ModelOps: Handsome Data Scientists Need Not Apply (Part 1)

Joe Maraschiello
3 min readAug 5, 2021

In 2020, People magazine crowned film star Michael B. Jordan as the sexist man alive. Each year, we see a new handsome celebrity heartthrob grace the covers of People, yet some individuals within your enterprise may remain sexy year after year: data scientists. Harvard Business Review (HBR) may have put it best with their decree of data scientists being “The Sexist Job of the 21st Century”.

HBR was right. We’ve seen an explosion in the growth of Data Science roles across multiple industries. Unlike passing fads, the bottom line justifies this growth, as the first cohort of data scientists often pay for and justify the next.

Yet, individual sexienss isn’t everything.

With the lowest hanging fruit already capitalized on, scaling and optimizing the operational processes that data scientists work within and depend on becomes imperative to maintain growth of business-changing outcomes. Over time, it’s the data science ecosystem that matters most, as opposed to individual contributors.

The first data scientist and the first model within an organization can add immense value without significant overhead. When dozens or hundreds of models require new launches, maintenance and monitoring, having the right processes and tools to reduce model-time-to-market and model risk become indispensable.

Future growth and effectiveness of data science requires teams to subscribe to a set of principles and tools that help them optimize their efforts much in the same way we’ve already seen agile developer teams do in the form of “DevOps”. We call this effectiveness-boosting framework framework, “ModelOps”.

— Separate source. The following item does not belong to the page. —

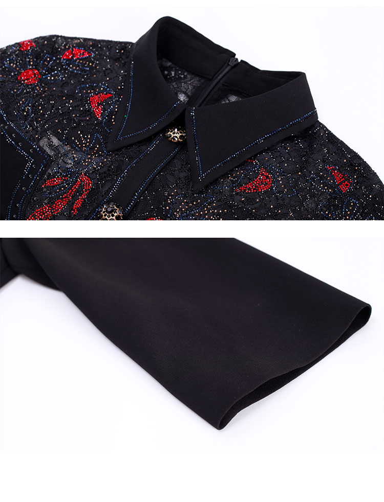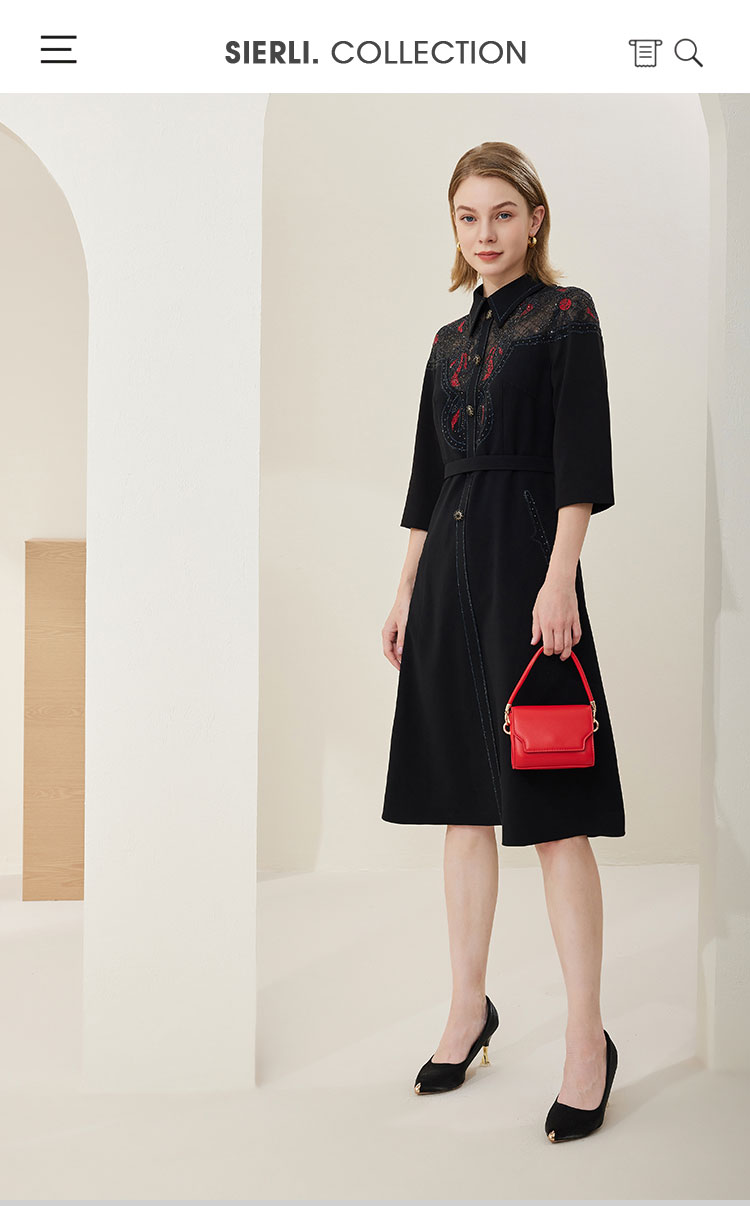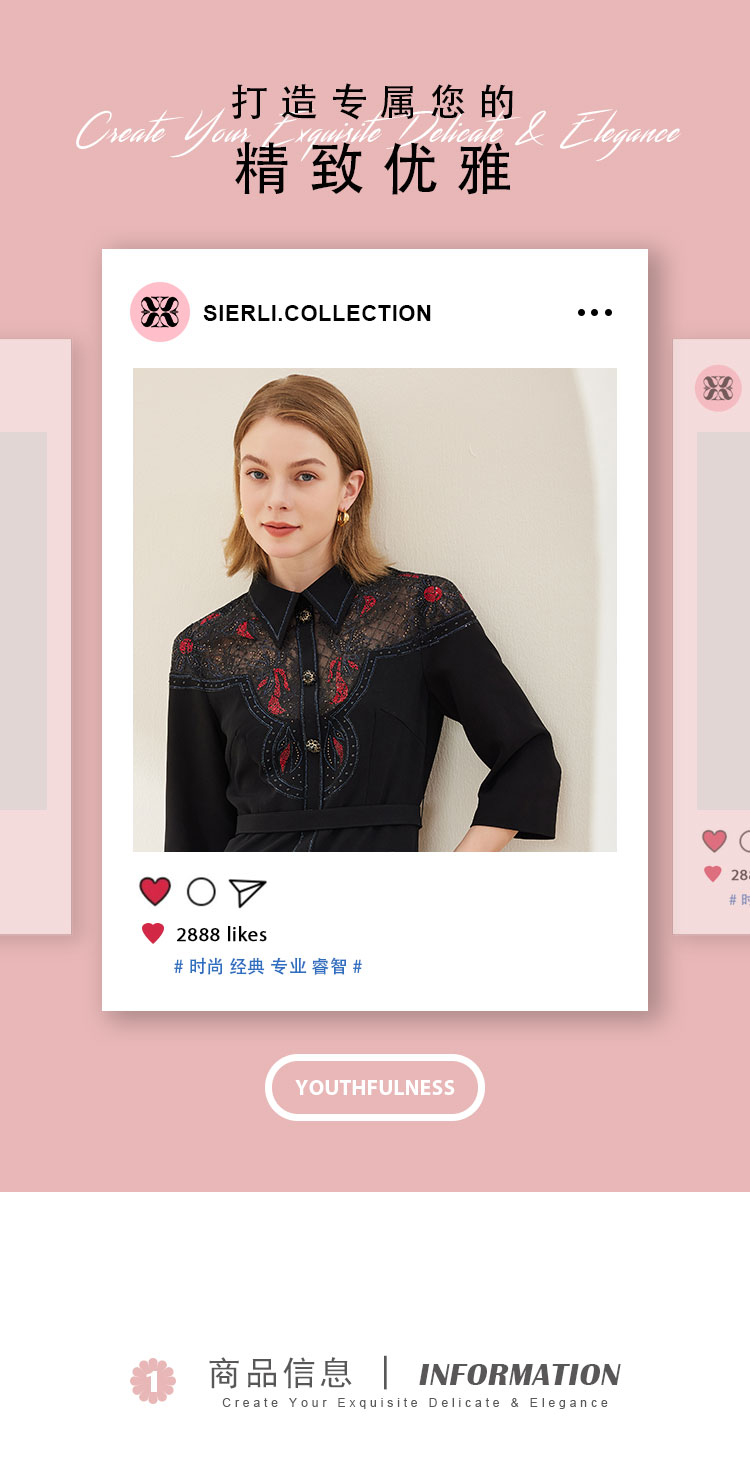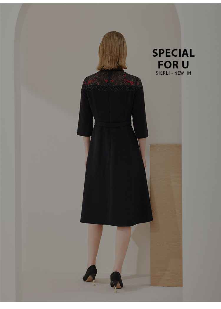 商品名称:春季衬衫领拼蕾丝烫钻收腰显瘦七分袖连衣裙 134111

Good Looks, or ModelOps Processes & Tools?

Photos by https://www.essence.com/ magazine.

Imagine, for a moment, that there was a direct correlation between handsome good looks, technical competency and individual performance. The more ravishingly gorgeous the data scientist, the higher performing they would be.

If good looks were a measure of how good of a data scientist you would want on your team, what would you prefer?

(1) Five Micahel B. Jordan Data Scientists

(2) Five Anonymous “Average Looking” Data Scientists that have been trained on ModelsOps best practices, tools and frameworks

If we ask enterprises that have recently started their ModelOps journey, they would unequivocally choose the latter. They have the benefit of experiencing first hand the kind of productivity gains that can be achieved with adopting only a few ModelOps best practices.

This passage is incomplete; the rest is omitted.